Advantages of Metrical Phonology

Metrical phonology offers a number of advantages over a system representing stress as a feature that applies to individual segments or syllables, without reference to the other syllables in a phrase. Creators of traditional feature systems posited the stress feature, which differed from other phonological features in several key ways. For instance, the feature stress had an arbitrary number of values or levels, rather than two or some justified number more than two. In addition, the non-primary stress values in these systems were only defined relative to the primary stress value, and did not have local acoustic or articulatory effects. By not treating stress as a feature of an individual segment, metrical phonology avoids the inexplicable differences between the stress feature and other phonological features.
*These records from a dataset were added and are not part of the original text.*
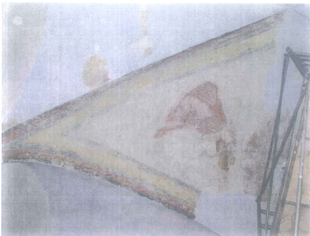
Pohledy na středové pole klenby při odkryvu.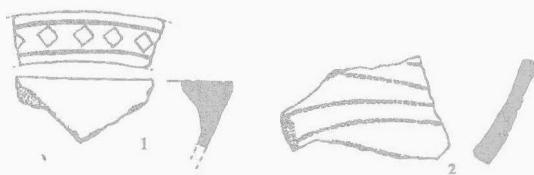
Obr. 7. Přerov – Lýsky. Keramika KZP. Keramik der Glockenbecherkultur.

Přerov (Kataster Lýsky, Bez. Přerov), „Nad Žebračkou“. Glockenbecherkultur. Siedlung. Terrainbegehung.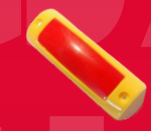
YG-19-026 WYŁĄCZNIK DRZWI CZERWONY W ŻÓLTEJ OBUDOWIE 5,50 ZŁ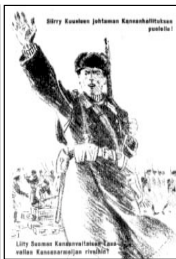
Вступай в Народную Армию! Советский пропагандистский рисунок.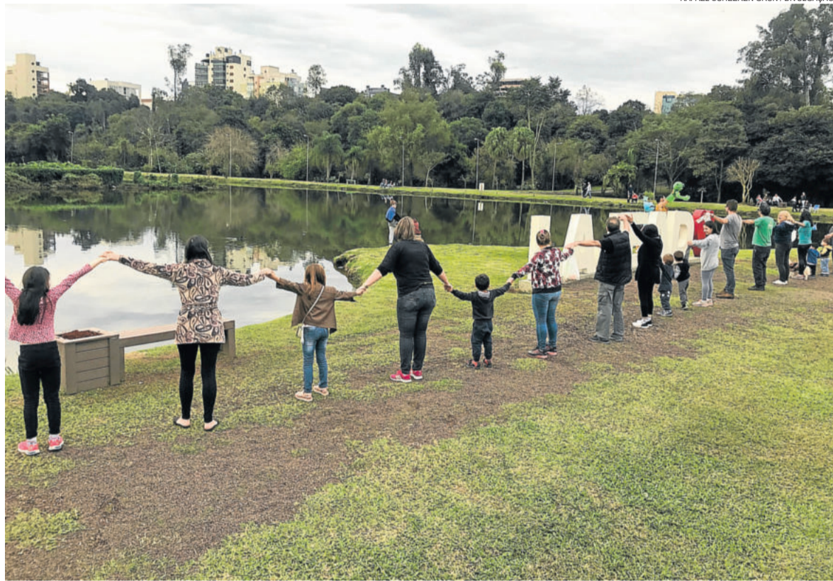
Abraço ao redor do lago simbolizou o zelo pelo meio ambiente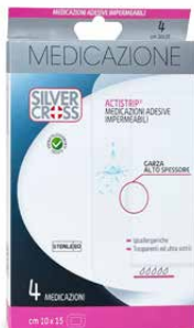
4 Medicazioni Adesive €€ cm 10 x 15 0373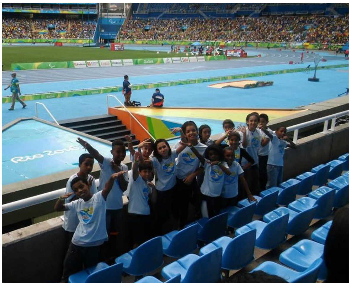
Alunos nas Paralimpíadas

Puderam participar da cerimônia de entrega das medalhas, sentindo a vibração da torcida e ainda tiveram a sorte de conhecer alguns outros atletas de São Tomé e Príncipe, que estavam na arquibancada; o entrosamento com eles foi algo muito especial.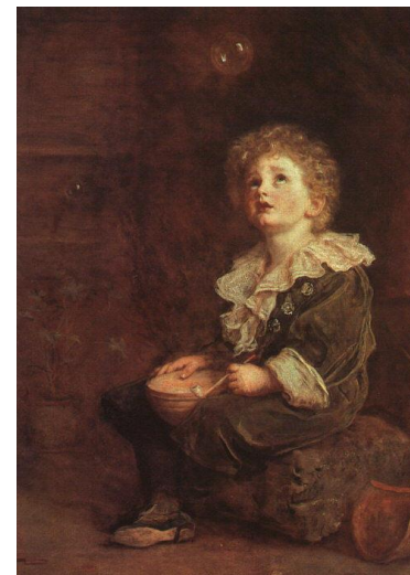
John Everett Millais Burbujas (1886)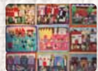
Penurias en nuestra población Chile. Fundación de Ayuda Social de las Iglesias Cristianas (FASIC). 1979 Foto: Tony Boyle Colección Conflict Textiles Procedencia: Consejo Mundial de Iglesias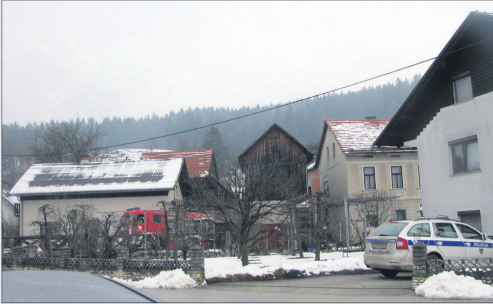
Prizorišče požara je bilo skrito pred radovednimi očmi.

15 tisoč evrov. Dogajanje ob božiču je še vedno, vsaj uradno, zavito v tančico skrivnosti. Mladenič naj bi se potem vrnil in pripovedoval različne zgodbe, kje je preživel dneve od četrтка, ko je izginil, do nedelje, ko se je pojavil doma. Kje je bil tiste dni, se uradno ni izvedelo, med ljudmi pa so krožile različne zgodbe, tudi ta, da naj bi s prijatelji slavil rojstni dan. Potem so domači-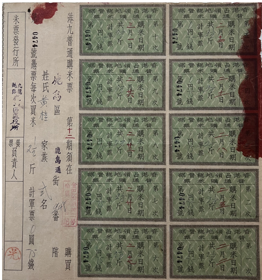
港九普通购米票正面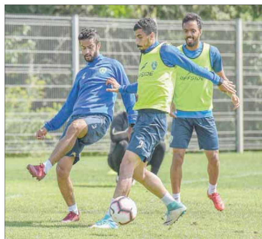
من تدريبات الفتح في معسكر سلوفينيا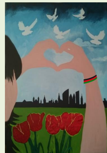
Verhalen van Afghaanse vrouwen uit Den Haag verwerkt in schilderijen in samenwerking met Sam Massoud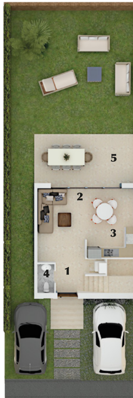
PLANTA NIVEL 1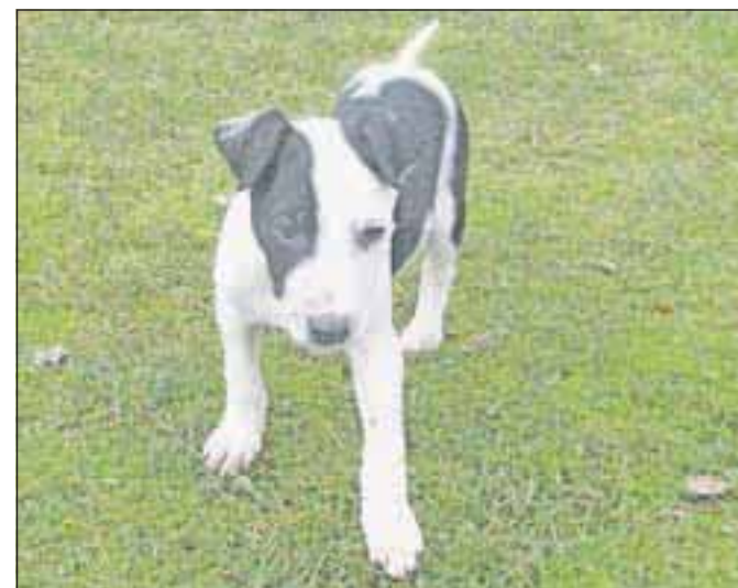
Nov dom išče samček, star tri mesece. Tel.: 041/666-187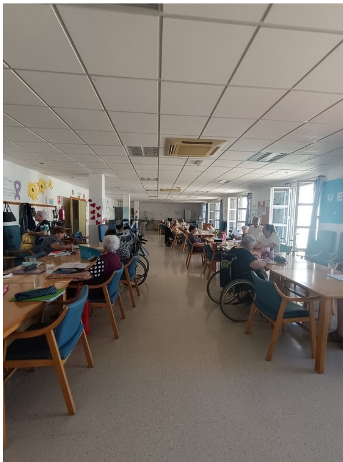
U.E.D. Minerva y Centro de Día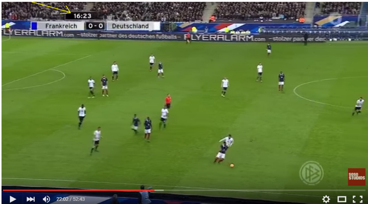
France vs Germany 2-0 FIRST HALF TIME | BOMB EXPLOSION SOUND OUTSIDE STADE DE FRANCE | #Prayforparis 2

Bei den Explosionen um das Stadion – wohlgermerkt: die im Stadion zu hören waren – fanden in der 17. und 20. Spielminute statt, genau um 16:23 und 19:34 (s.u.):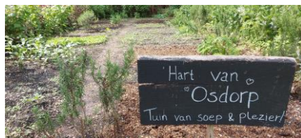
Blik op de tuin van Hart van Osdorp bij de Stadsboerderij.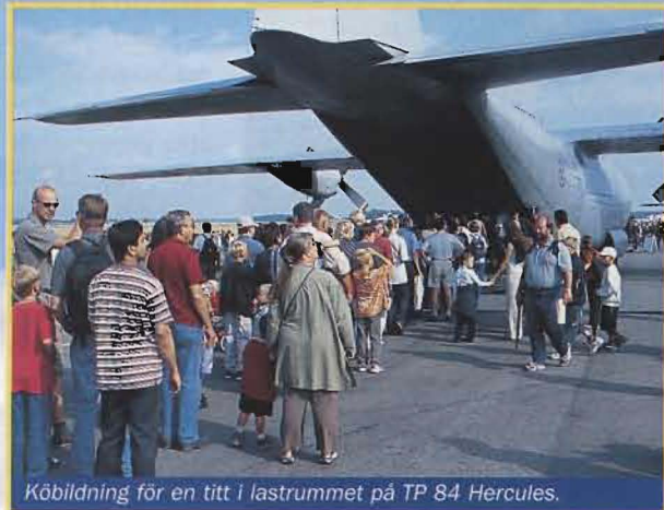
Köbildning för en titt i lastrummet på TP 84 Hercules.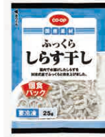
CO-OP ふっくらしらす干し 宅配予定 6月3回 店舗 取扱い ※店舗では包材が異なります。

ふっくらしらす干しがおすすめです。炊きたてご飯にかけて食べたり、わかめなどと混ぜて酢の物の一品にしたりと、メニューの幅が広がります。ほど良い潮の香りが食欲をそそります。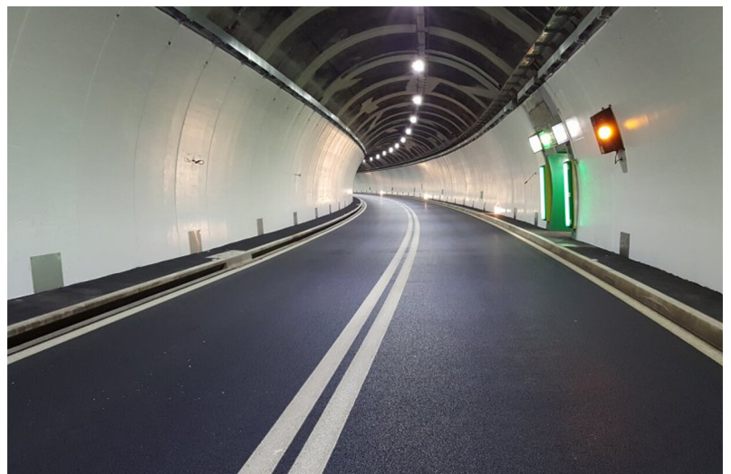
Fahrraum mit Querverbindung zum SiSto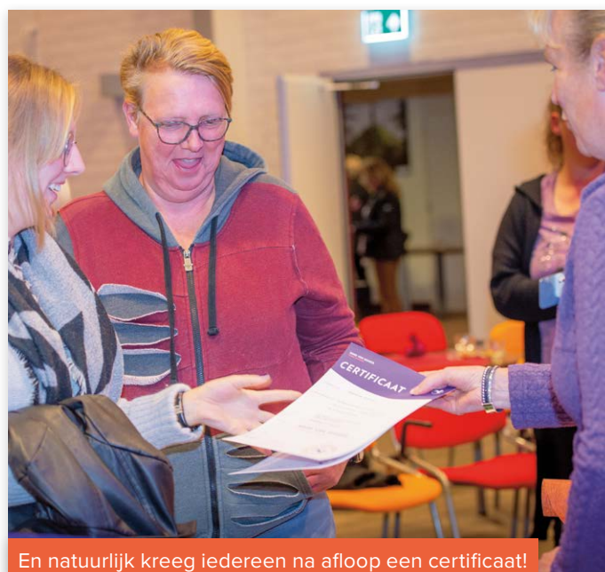
En natuurlijk kreeg iedereen na afloop een certificaat!

De organisatie dankt ook partner Royal Canin. We kunnen met elkaar tevreden terugkijken op een zeer zinvolle en leerzame nascholing. Daarom staat de dag nu al gepland voor zaterdag 20 augustus 2021. Zet alvast in uw agenda!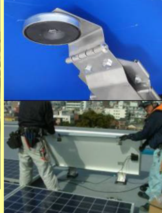
実用化した磁石式取付金具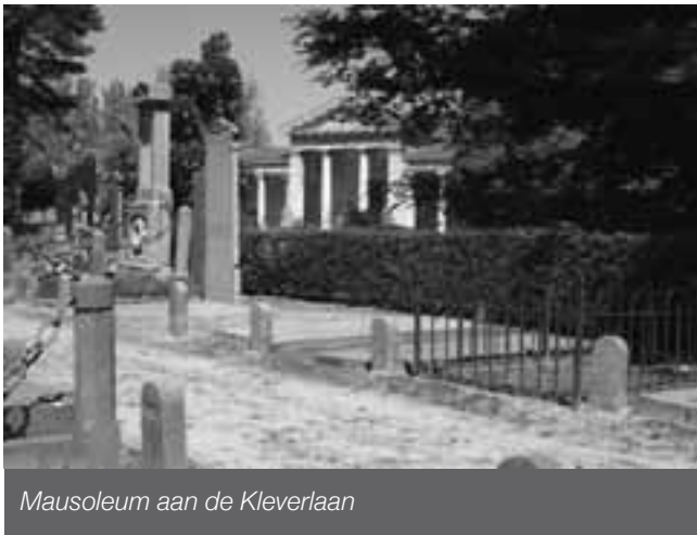
Mausoleum aan de Kleverlaan

De route van deze wandeling van ongeveer vijftien kilometer brengt u langs vier historische begraafplaatsen, stuk voor stuk fraai en met een eigen karakter. Eén ervan ligt in Haarlem, de overige in het duingebied westelijk van de provinciehoofdstad.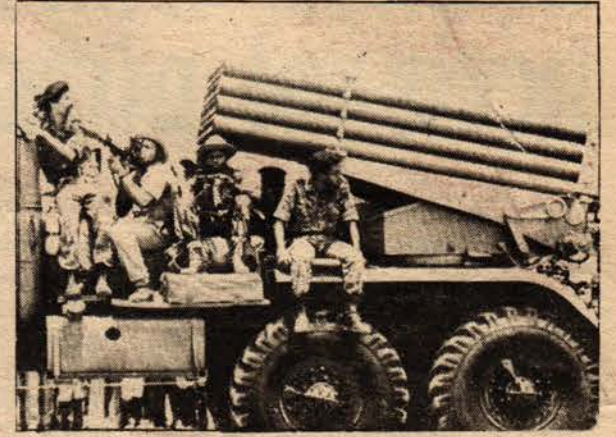
Sovyet silahları ve Küba askerleri Angola'da; Yeni Çarların emperyalist askeri makinası Angola ve Afrika halklarına karşı.

Hatırlanacağı gibi Sovyet sosyal-emperya - listleri 1975 ortalarında Angola kurtuluş örgüt - leri arasındaki iç savaşa müdahale ederken, "Güney Afrika kuvvetlerinin istilasına karşı Angola'nın yardımına koştuklarını" öne sürmüşlerdi . Gerçekte ise, Sovyet-Küba kuvvetleri, Güney Afrikalılara karşı hemen hiç savaşmadılar. On - lar bütün güçlerini savaşan taraflardan birini ezmeye, yüz bin Angolalıyı katletmeye ve 1 milyon insanı yurdundan sürmeye yönelttiler. Angola'nın güneyindeki sınırlı bazı bölgelere girmiş o -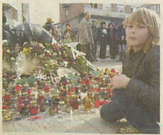
Virágok és mécsesek

odafigyeléssel. Mancs jelképpé vált a város számára - fejtette ki az alpolgármester - a hűség és odaadás, az életmentés jelképévé.

Metrical phonology also correctly predicts the ambiguity between broad and narrow focus. There are two possible metrical patterns for two-word phrases: S-W and W-S. However, there are three possible patterns of focus for such phrases: narrow focus on the first word, narrow focus on the second word, and broad focus. For instance, the phrase "Gus skied" can either be pronounced "GUS skied" (S-W) or "Gus SKIED" (W-S). These two realizations are the only options for answering the three questions: Who skied? (narrow focus on 'Gus'), What did Gus do? (narrow focus on 'skied'), and What happened yesterday? (broad focus).

Finally, metrical phonology is consistent with patterns of deaccenting in which accents can shift both left and right. This is because swapping S and W nodes will cause stress to move left if the S node was originally on the right, and move right if it was originally on the left. Such bi-directional movement is more difficult to predict under a stress-shift rule, which would specify the direction of movement.